I talk about the three big enemies of focus and productivity. They are interruption, multitasking, and distraction.
I say they are in order from easiest to deal with to hardest. (But I’m faking that a little.)
The biggest pushback I get is around multitasking – people defend their ability to do it. Let’s deal with that here.
What’s our drive to attempt multitasking? What’s the evidence that we can actually do it?
I’ll look at cases where people think they or someone else is multitasking. We’ll look at each one to see if it actually fits a reasonable definition of multitasking as relates to our work.
Brief aside – I asked on LinkedIn and no one suggested any other categories. P.S. You can connect with me on LI where I discuss these topics as I’m producing the podcast linkedin.com/in/larrytribble. Or you can comment on this episode.

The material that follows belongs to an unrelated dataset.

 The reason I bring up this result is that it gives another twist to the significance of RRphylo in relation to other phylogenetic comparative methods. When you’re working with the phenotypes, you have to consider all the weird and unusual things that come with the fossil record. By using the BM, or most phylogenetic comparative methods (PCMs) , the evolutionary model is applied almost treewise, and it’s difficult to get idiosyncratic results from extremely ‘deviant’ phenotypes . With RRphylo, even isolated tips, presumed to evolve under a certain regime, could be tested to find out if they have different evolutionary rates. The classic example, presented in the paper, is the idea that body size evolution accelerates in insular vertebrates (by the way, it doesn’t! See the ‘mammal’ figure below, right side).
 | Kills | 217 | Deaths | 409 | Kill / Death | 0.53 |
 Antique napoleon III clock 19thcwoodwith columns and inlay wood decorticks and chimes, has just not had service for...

I’ll show that these cases are not good evidence. Then, I’ll discuss the motivations to multitask. I’ll consider historical ideas of multitasking. Then we’ll ask the question again: should we try to multitask? Spoiler alert: I will (of course) conclude that we can’t.
Computers appear to multitask and there’s the legend of mind as computer
- The sociological construct of mind as computer
- So we say – the computer’s multitasking so I should do it too. We’re wrong on both counts. Our machines are very, very good task switchers – but they don’t really multitask and we haven’t developed that kind of human being
- We’re not multithreaded, particularly with the unexpected
- We don’t completely forget
- We can’t effectively reload our previous state
- All of this takes lots of time and is error prone
We don’t value our own attention and the difficulty of our own work
- Historical tasks were not heavy on attention
- We fritter away our attention on entertainment
There are certain environments where it seems we are doing it.

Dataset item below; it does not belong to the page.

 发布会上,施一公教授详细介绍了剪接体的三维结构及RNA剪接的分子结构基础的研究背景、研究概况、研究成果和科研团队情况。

- Processes that we can ignore, but only for a short period of time (e.g. cooking)
- Tasks that are easily interrupted and restarted (e.g. eating)
- Active stakeholders that let us know there’s a problem (e.g. pets)
- Mindless tasks – we have to be there, but we do them on ‘autopilot’
- Walking is autonomous (until it’s not)
- Challenges of doing something else when we’re engaged in a ‘mindless’ task
- Autonomous tasks that we don’t have to think about
- Autonomous tasks that don’t need our attention – ie. delegation
- Tasks that we have learned to combine to become one task
- Juggling
- You can take the time to memorize the 1A, 2B exercise – to unify it into a single sequence in your head. But that doesn’t make it multitasking
- Simultaneous chess – actually highly practiced task-switching in a very structured environment
We think we see it, so we’re tempted to do it. People seem to be doing it around us and we’re people too.
- What we see doesn’t mean that a) they’re actually doing it, or b) that they’re getting results that we would want.
- Other people ask us to do it
- So, we claim we can
- We collectively confuse each other – if your friends jumped off a bridge…
So, I think this is why we believe that we can multitask (it’s bad evidence) – but we shouldn’t
- Multitasking wasn’t even a concept before about 1960
- N-gram on ‘multitasking’
- All of the productivity literature before computing was very different – focus on focus
- Our desire to task switch may be a form of boredom, procrastination
- Focus is hard and so is our work
- There is no scientific evidence in favor of the ability to multitask
- Athletes – focus on what you’re doing, not how you’re doing it – anything else is multitasking and hurts performance
Consider the evidence and question it – there’s no real evidence that we can multitask, it only seems that way.
This may help you clarify and decide to stop trying to do it
Then we can move on to improving our focus and fighting interruption and distraction.